Присцилла пристально смотрела на обнаженную фигуру своего жениха и ждала того мгновения, когда тот подойдет к ее постели. Что она скажет ему? Лучше всего промолчать, пока все ее тело не покроют его жадные поцелуи.
– Черт! У меня руки в смоле! – внезапно раздался голос Карстена. – Что делать?
– Иди и вымой их, – рассмеялась Присцилла. – Я тут лежу и грежу о ласках, а он взялся топить печь!
Когда Карстен вновь вошел в комнату. Он был все так же возбужден, как и десятью минутами раньше, когда ни с того ни с сего затеял возню с печкой. Присцилла смотрела на его тело без смущения, она была возбуждена не меньше своего жениха.
Деревянная кровать, которой явно было под сотню лет, заскрипела под тяжестью Карстена. Он скинул легкое одеяло с обнаженного тела Присциллы и приник губами к ее груди, лизнул своим языком темные соски, неуловимо схожие с молодыми шишечками сосны, также восхитительно пахнущие солнцем…

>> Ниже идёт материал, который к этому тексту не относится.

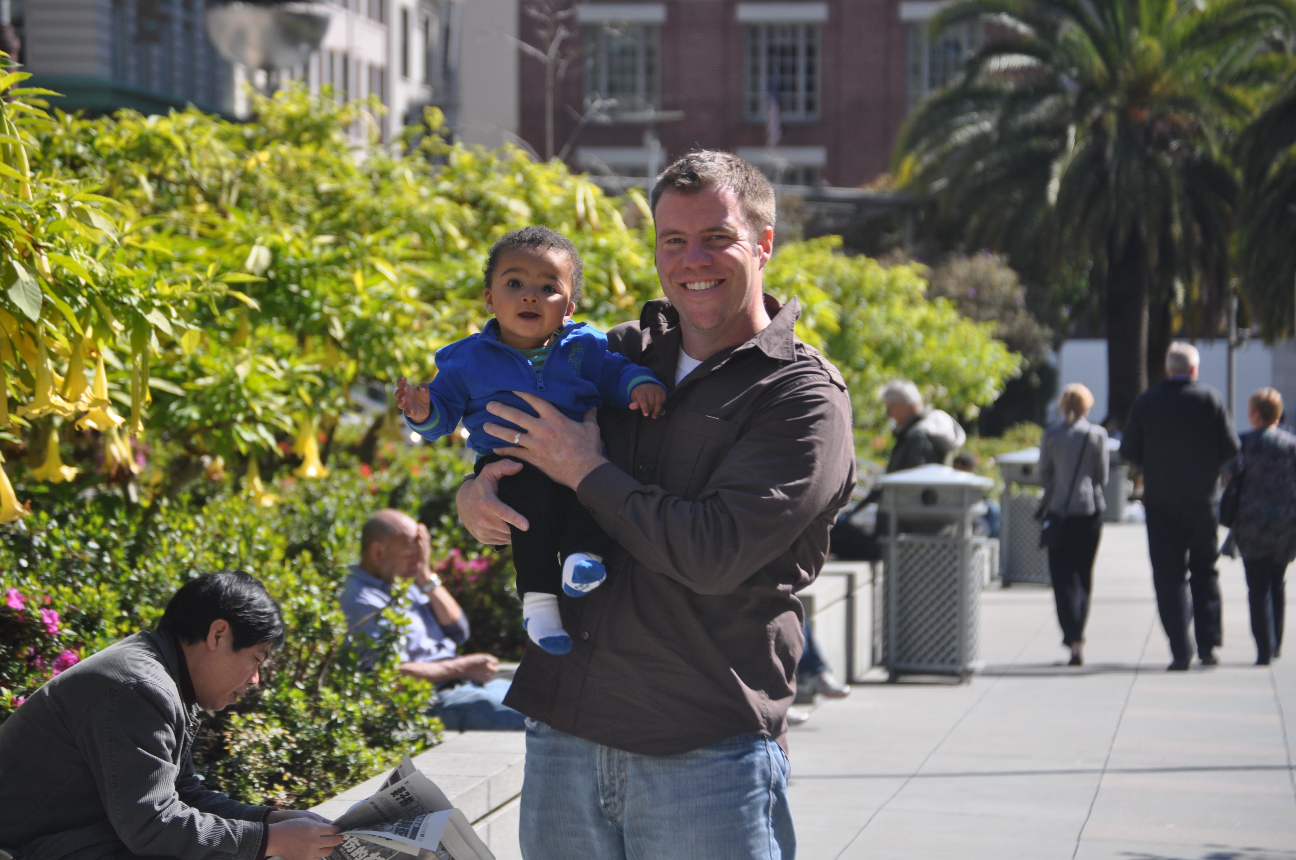 Its a funny thing that you can go to the other side of the country and have a chance to see so many people that you know from all over. It started when we arrived on Saturday. Jenn went to class, Nolin and I meandered the Union Square area walking through a Yemen protest group, a few homeless people screaming at the sidewalk and a park in the middle of the city. Apparently, I strongly believe in giving Nolin a fully cultured experience. I will say that I think that Nolin will be a city kid when he grows up. There was so much going on so Nolin’s curiosity was on overload. He loved just being outside and watching the city life pass us by.

Боже, первый в жизни мужнина, да еще которого я люблю, целует мою грудь! – с восторгом подумала Присцилла. Как я счастлива! Он убьет меня своим поцелуем, я, наверное, сейчас умру! А он действительно пахнет смолой! Девушка нежно обняла руками голову Карстена и сильнее прижала ее к своей груди.

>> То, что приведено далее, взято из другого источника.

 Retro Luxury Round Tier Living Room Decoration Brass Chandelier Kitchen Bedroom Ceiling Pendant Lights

Ладонь Карстена бережно коснулась живота девушки, и постепенно спустилась ниже, туда, где ее уже с нетерпением ждали лоно и бедра. Сбросив на пол мешающее движениям пуховое одеяло, Присцилла согнула правую ногу в колене, чтобы ладони Карстена было удобнее ласкать ее. Как же ты ласков и нежен, милый! – подумала девушка, и легкий жар охватил все ее тело.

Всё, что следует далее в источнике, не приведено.